Cloud Infrastructure Management
Overview
This comprehensive guide covers essential cloud infrastructure management practices for AWS, Azure, and Google Cloud Platform. Learn how to optimize costs, ensure security, implement monitoring, and manage resources effectively across major cloud providers.
Quick Reference
- Cloud Providers: AWS, Azure, Google Cloud Platform
- Management Tools: Terraform, Ansible, CloudFormation
- Monitoring: CloudWatch, Azure Monitor, Stackdriver
- Security: IAM, VPC, Security Groups
1. Cloud Infrastructure Fundamentals
1.1 Cloud Service Models
Understanding different cloud service models and their use cases.
Service Models:
- IaaS (Infrastructure as a Service): Virtual machines, storage, networking
- PaaS (Platform as a Service): Application hosting, databases, middleware
- SaaS (Software as a Service): Complete applications delivered over the internet
- FaaS (Function as a Service): Serverless computing, event-driven functions
1.2 Cloud Deployment Models
Choosing the right deployment model for your infrastructure needs.
Deployment Options:
- Public Cloud: Shared infrastructure, cost-effective, scalable
- Private Cloud: Dedicated infrastructure, enhanced security, control
- Hybrid Cloud: Combination of public and private clouds
- Multi-Cloud: Using multiple cloud providers
2. AWS Infrastructure Management
2.1 AWS Resource Management
Managing AWS resources efficiently and cost-effectively.
AWS CLI Commands:
# Configure AWS CLI
aws configure
# List all EC2 instances
aws ec2 describe-instances --query 'Reservations[*].Instances[*].[InstanceId,State.Name,InstanceType]' --output table
# Create EC2 instance
aws ec2 run-instances \
--image-id ami-0c02fb55956c7d316 \
--count 1 \
--instance-type t3.micro \
--key-name my-key-pair \
--security-group-ids sg-12345678 \
--subnet-id subnet-12345678
# List S3 buckets
aws s3 ls
# Create S3 bucket
aws s3 mb s3://my-bucket-name
# Upload file to S3
aws s3 cp local-file.txt s3://my-bucket-name/
# List RDS instances
aws rds describe-db-instances --query 'DBInstances[*].[DBInstanceIdentifier,DBInstanceStatus,Engine]' --output table
2.2 AWS Cost Optimization
Implementing cost optimization strategies for AWS infrastructure.

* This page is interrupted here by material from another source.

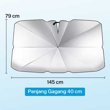 | Ukuran 145 x 79 cm Cocok untuk sebagian besar mobil city car dan sedan kecil. Disarankan mengukur kaca depan kendaraan sebelum membeli untuk memastikan ukuran sesuai. |

Cost Optimization Techniques:
- Right-sizing Instances: Match instance types to workload requirements
- Reserved Instances: Commit to 1-3 year terms for significant savings
- Spot Instances: Use spare capacity for non-critical workloads
- Auto Scaling: Automatically adjust capacity based on demand
- Storage Optimization: Use appropriate storage classes for data lifecycle
Cost Monitoring Script:
#!/bin/bash
# aws_cost_monitor.sh
# Get current month costs
CURRENT_COST=$(aws ce get-cost-and-usage \
--time-period Start=2023-12-01,End=2023-12-31 \
--granularity MONTHLY \
--metrics BlendedCost \
--query 'ResultsByTime[0].Total.BlendedCost.Amount' \
--output text)
# Set cost threshold
THRESHOLD=1000
if (( $(echo "$CURRENT_COST > $THRESHOLD" | bc -l) )); then
echo "AWS costs exceeded threshold: $CURRENT_COST" | mail -s "AWS Cost Alert" admin@company.com
fi
echo "Current AWS costs: $CURRENT_COST"
3. Azure Infrastructure Management
3.1 Azure Resource Management
Managing Azure resources using Azure CLI and PowerShell.
Azure CLI Commands:
# Login to Azure
az login
# List resource groups
az group list --output table
# Create resource group
az group create --name myResourceGroup --location eastus
# List virtual machines
az vm list --output table
# Create virtual machine
az vm create \
--resource-group myResourceGroup \
--name myVM \
--image UbuntuLTS \
--admin-username azureuser \
--generate-ssh-keys
# List storage accounts
az storage account list --output table
# Create storage account
az storage account create \
--name mystorageaccount \
--resource-group myResourceGroup \
--location eastus \
--sku Standard_LRS
3.2 Azure Monitoring and Management
Implementing monitoring and management solutions for Azure resources.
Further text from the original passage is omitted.